Tight budgets intensify the need for AFW policy makers to promote and support a more equitable allocation of resources. Biases in the structure of enrollments and public subsidies for education suggest that the poorest households tend to benefit much less from public spending on education than wealthier ones. In an assessment of 42 countries (2010–17), researchers identified the eight AFW countries in the sample as having the least equitable distribution of spending on education.
Strengthen Children’s Readiness to Learn
Many children in the AFW region start school facing severe barriers to learning. More than a third of those under the age of five are stunted, and severe malnutrition puts their mental and physical development at risk and reduces their ability to learn. Barely a third of each cohort has benefited from early childhood education. Most children arrive in first grade emotionally, socially, and intellectually unprepared for learning with other children.
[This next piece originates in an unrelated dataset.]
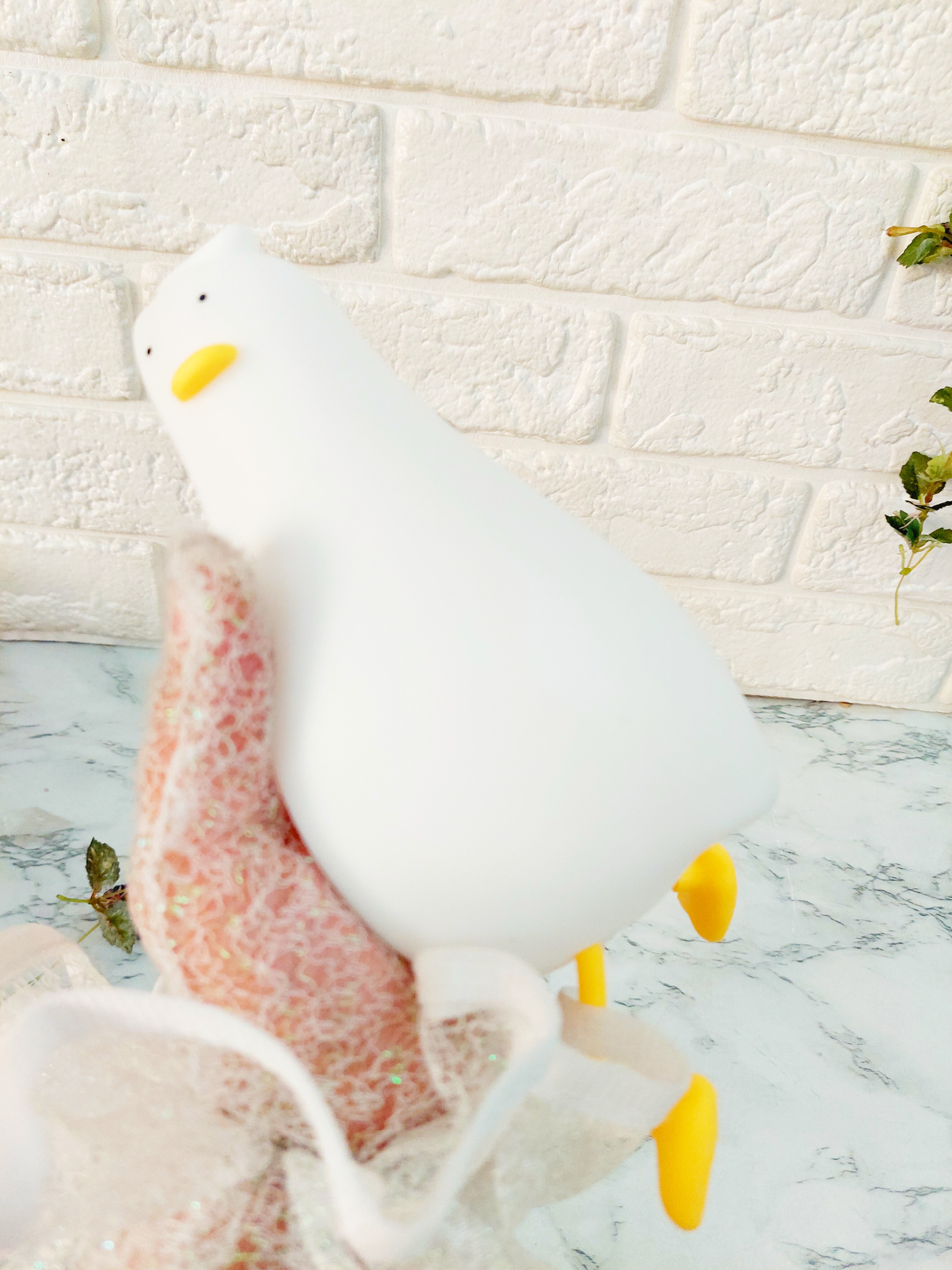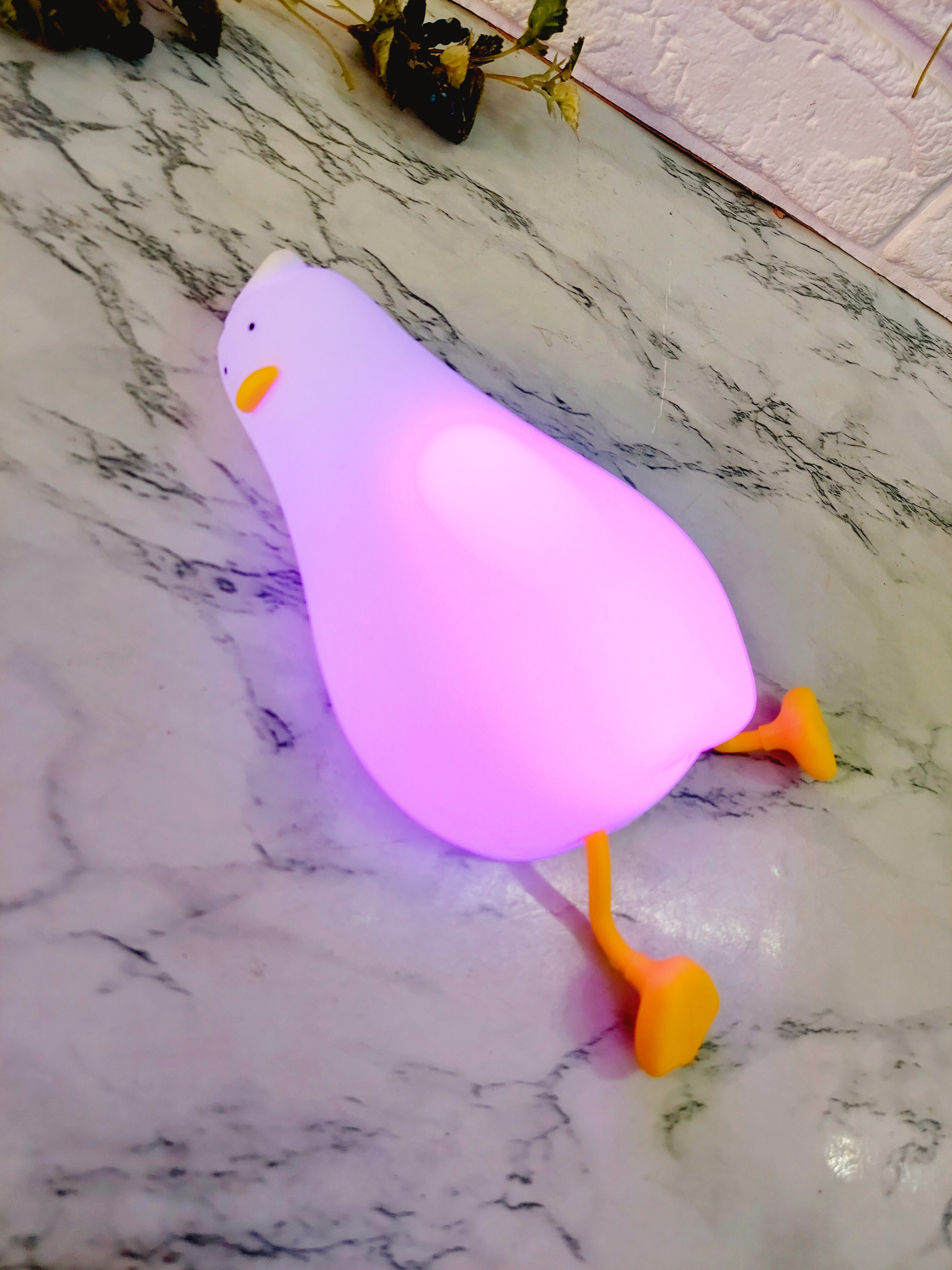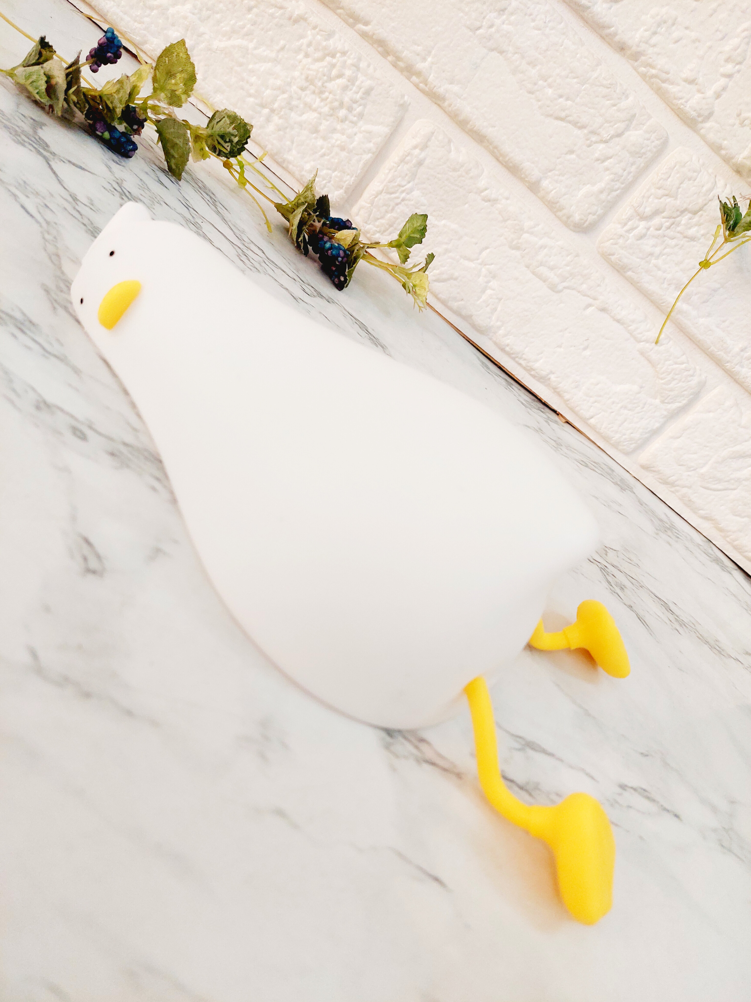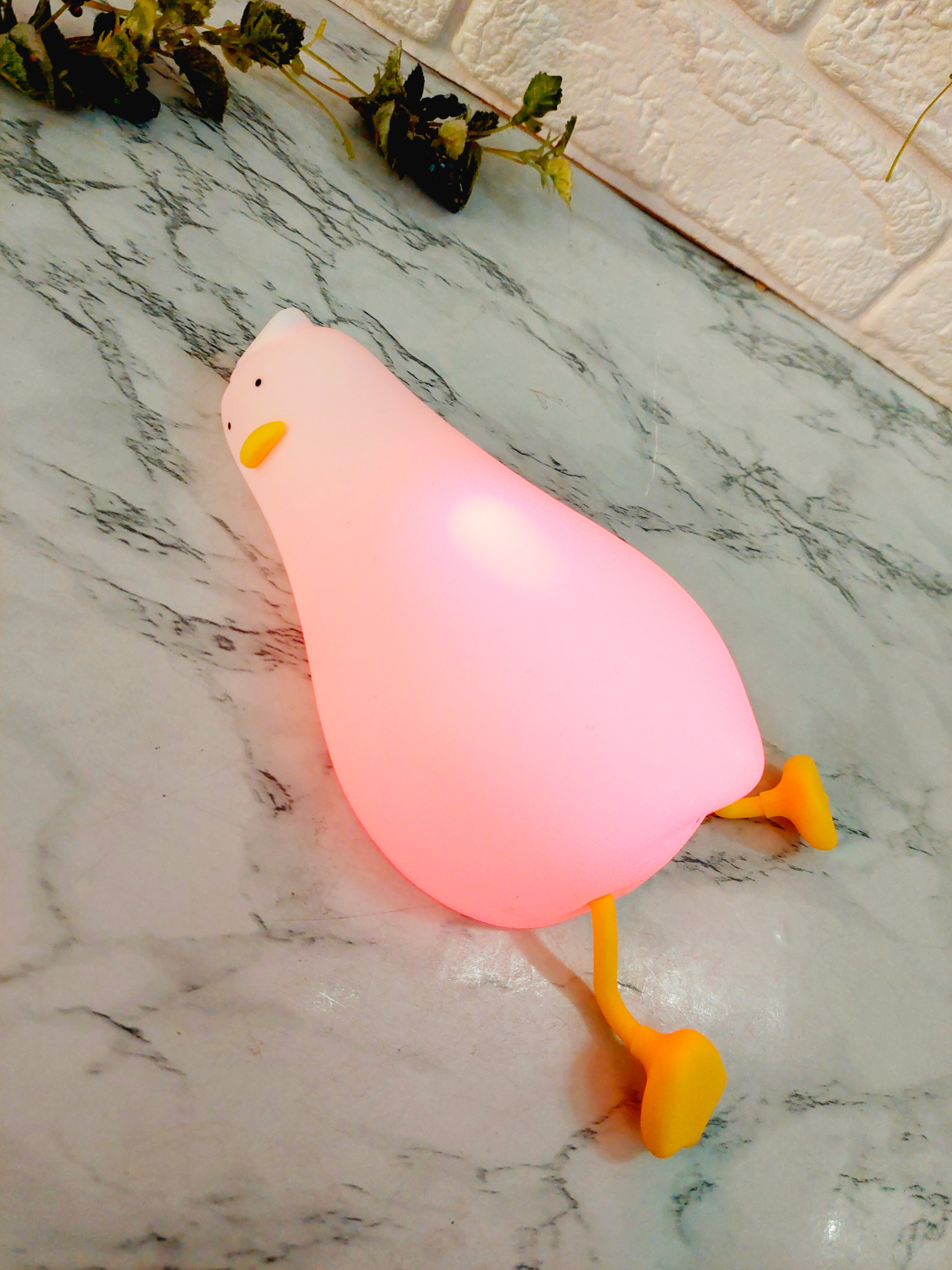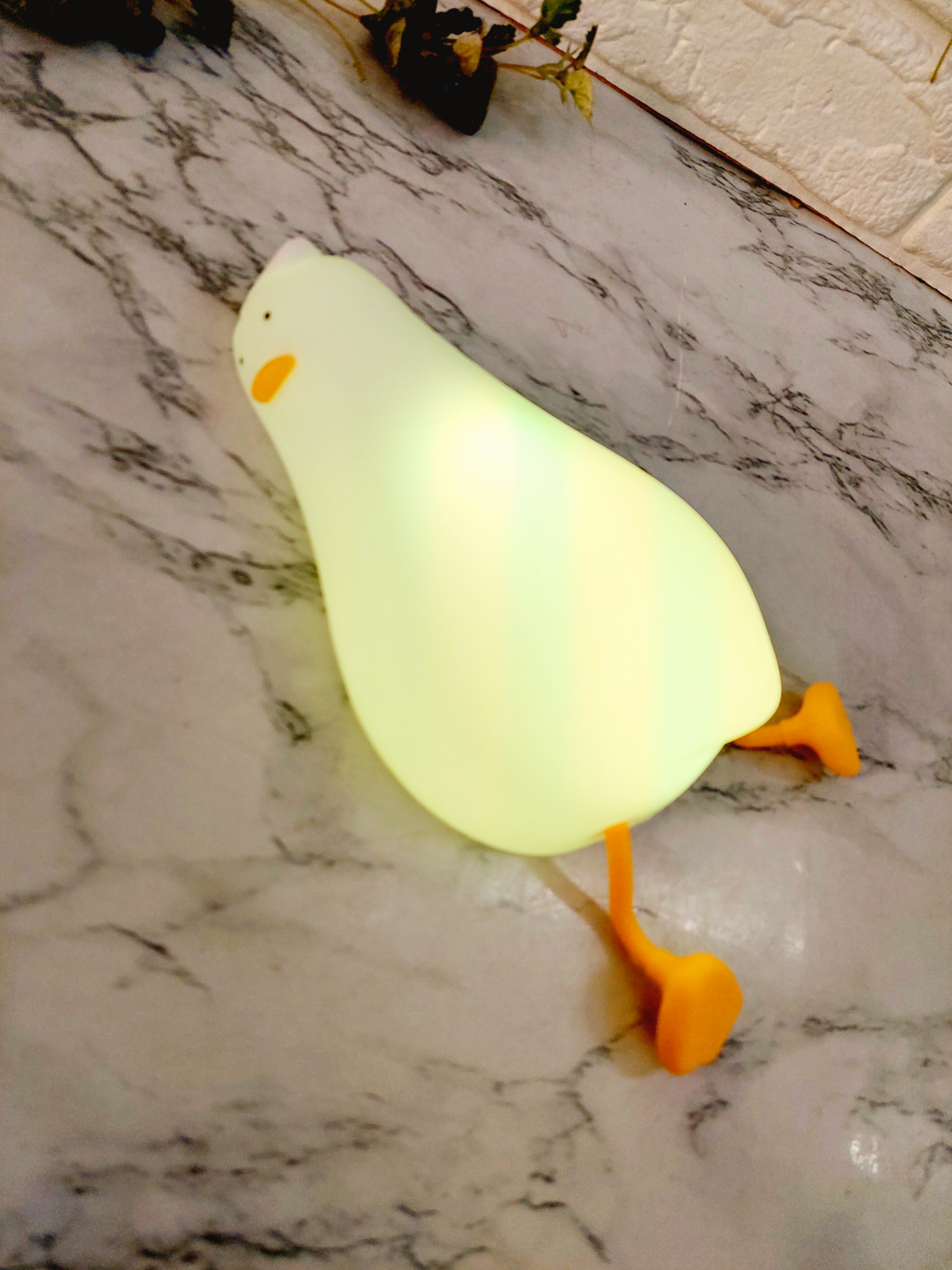 برا هدیه موندی چی ببری این چراغ خواب انقدر کیوت و قشنگه که دل همه رو آب میکنه جنسش از سیلیکونه و نرم و جذابه با ضربه زدن به پشت اردک رنگ نور اردک تغییر میکنه 6 تا رنگ نور داره و یه حالت ثابت نور زرد و یه حالت نور داره که پشت سر هم نورش تغییر میکنه بدون ضربه و اگر هم با ضربه زدن رنگ نورشو تغییر دادی همون رنگ برات ثابت میمونه فوقالعاده با کیفیته و سیم شارژ داره تا شارژش کنی و بدون وصل شدن به برق بتونی ازش استفاده کنی

Ensure Safe and Inclusive Learning Environments
Governments in AFW countries with a significant number of unsafe schools must take three major steps to address the problem. They must build databases to register attacks on schools, create early warning systems, and formulate comprehensive security plans that incorporate physical protection. They must also sign and act on the Safe Schools Declaration—an intergovernmental political commitment that was opened for endorsement by countries in 2015—and implement the Guidelines for Protecting Schools and Universities from Military Use during Armed Conflicts. Finally, they must establish backup venues or mechanisms for schooling when regular schools become too unsafe to operate, such as community buildings, homes, or other types of government facilities.
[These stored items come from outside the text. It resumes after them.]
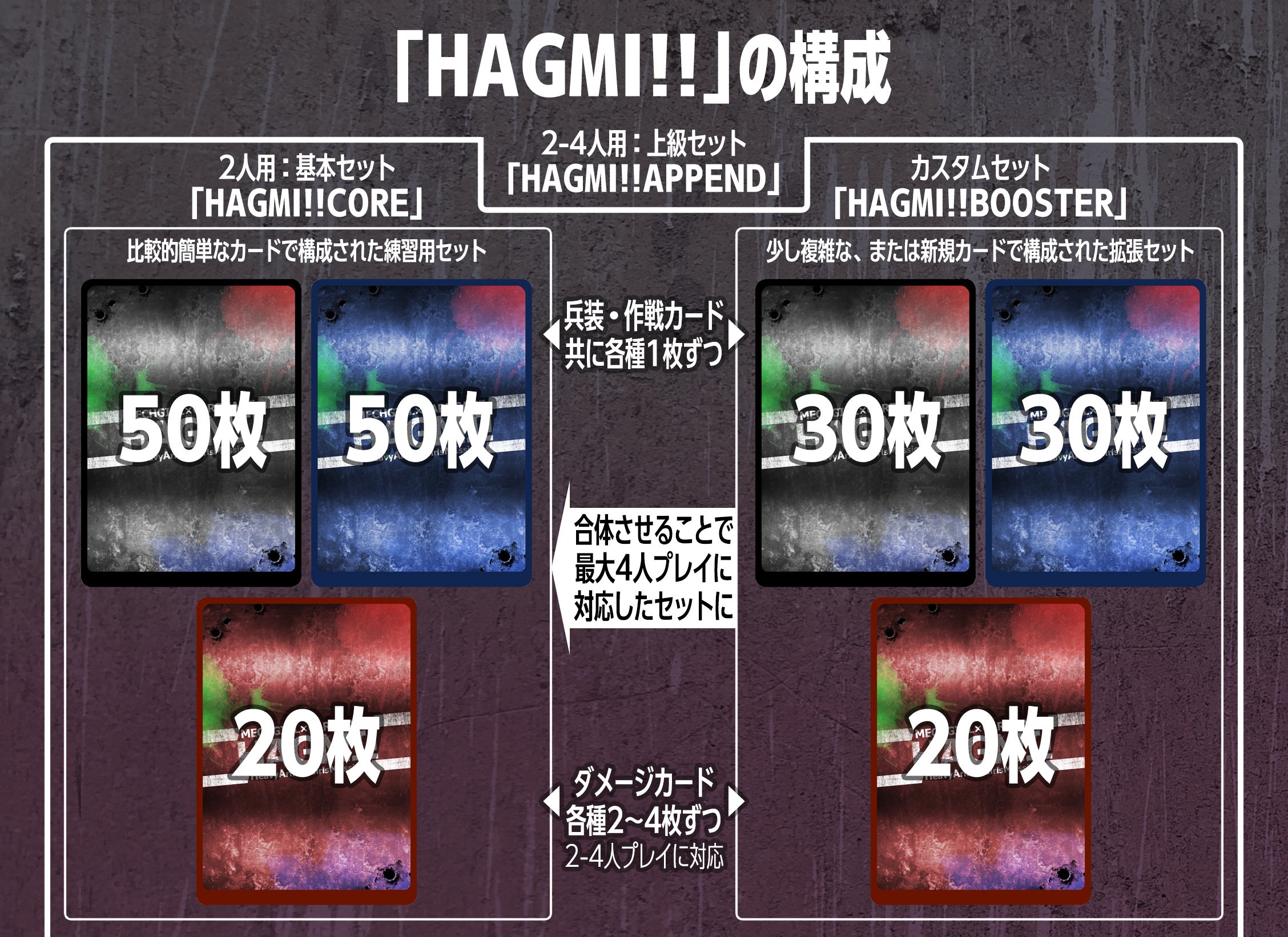 そして「CORE」と「BOOSTER」を合わせることで、2-4人で遊べる「HAGMI!!APPEND」が完成します。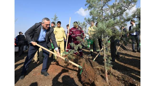 Protokol konuşmalarının ardından Büyükşehir Belediye Başkanı Hayrettin Güngör ve beraberindeki heyet, binlerce fidanı toprakla buluşturdu.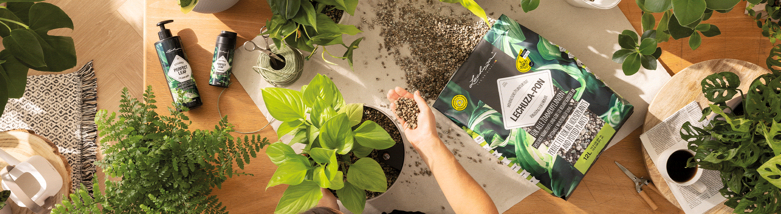 LECHUZA-PON praturtintas LECHUZA PERFECT LEAF lėtai išsiskiriančiomis trąšomis, kurios patikimai aprūpina kambarinius augalus visomis reikalingomis maistinėmis medžiagomis 6–8 mėnesius.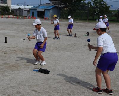 月・水・金曜の業間休みには、運動委員の当番の児童が朝礼台前に集合し、けん玉教室を開いています。
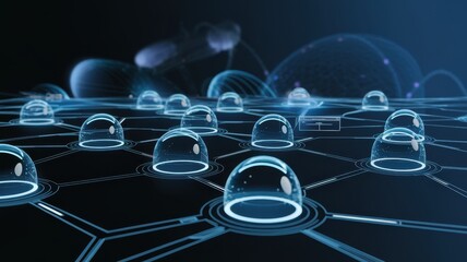 A futuristic digital network visual with glowing hexagonal nodes and transparent bubbles, symbolizing connectivity and technology.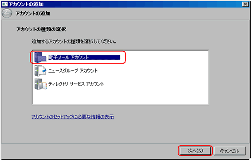 電子メールアカウントを選択し、【次へ】ボタンをクリックします。

Governments in affected AFW countries must leverage education and community engagement as a tool for preventing violence in schools and promoting innovative approaches. In Uganda, the Good School Toolkit—an 18-month whole-of-school approach— reduced physical violence by 42 percent.
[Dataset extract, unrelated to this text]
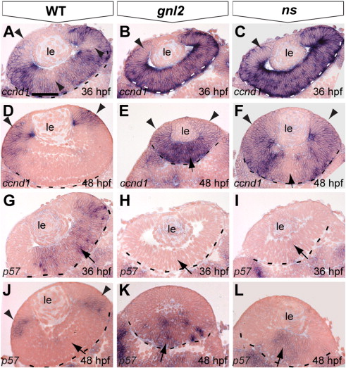 Aberrant expression of cell cycle regulators in gnl2 and ns mutant retinae. (A–F) Transverse sections showing expression of ccnd1 at 36 hpf (A–C) and 48 hpf (D–F). In the WT retina, a subset of cells has downregulated ccnd1 (arrowheads in A), indicating their withdrawal from the cell cycle. At 48 hpf, ccnd1 is restricted to the ciliary marginal zone that remains proliferative (arrowheads in D). In contrast, ccnd1 is not downregulated in gnl2 (n = 10; B) or ns (n = 10; C) mutant retinae at 36 hpf (arrowheads) and remains expressed in the central retina of gnl2 mutants (n = 9; arrow in E). In ns mutants, ccnd1 expression is downregulated in the central retina (n = 9; arrow in F), but remains expressed in the remainder of the retina (arrowheads). (G–L) Sections showing expression of p57kip2 in the WT central retina at 36 hpf (arrow in G). In contrast, there is no expression in gnl2 (n = 11; H) and ns (n = 9; I) mutant retinae (arrows). At 48 hpf, p57kip2 expression is restricted to the lateral surface of the retina in WTs (arrowheads in J). In contrast, p57kip2 is expressed in the central retina of gnl2, (n = 12; arrow in K) and ns mutants (n = 13; arrows in L). Dashed lines indicate outline of the retina. Dorsal view, anterior to the left. le, lens. Scalebar 25 μm.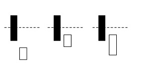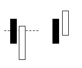 入り首・・陰線の翌日、前日の終値よりは上だが、中心価格までには及ばない形。

Reinforce Coordination and Governance of Providers of Training Services
Better governance of training service providers would help integrate AFW countries’ highly fragmented skills-building systems. Publicly funded-formal TVET and higher education programs alone are insufficient to cope with all of the region’s skilling needs. In many countries, gaps are filled by master craftsmen and private firms, among others. AFW governments can create a more integrated system that benefits users and providers of training services alike. To this end, three areas of governance warrant attention: (a) reforming traditional apprenticeship models, (b) formalizing the role of employers in skills development, and (c) developing simple yet inclusive skills qualifications frameworks.
AFW countries must put in place simple yet inclusive skills qualifications frameworks to clarify learning pathways and to ensure the quality of training provided. National qualifications frameworks (NQFs) and regulatory frameworks help countries align competency-based curricula to skills outcomes and expected career pathways. Such frameworks must provide guidance and tools for the recognition of prior learning and post-training certification, both of which are especially important for skills acquisition through traditional apprenticeships or other informal avenues. Because skills qualifications frameworks take time, resources, and sustained commitment to set up and operate, they should be pursued in phases, first targeting industries where certifications are most pertinent.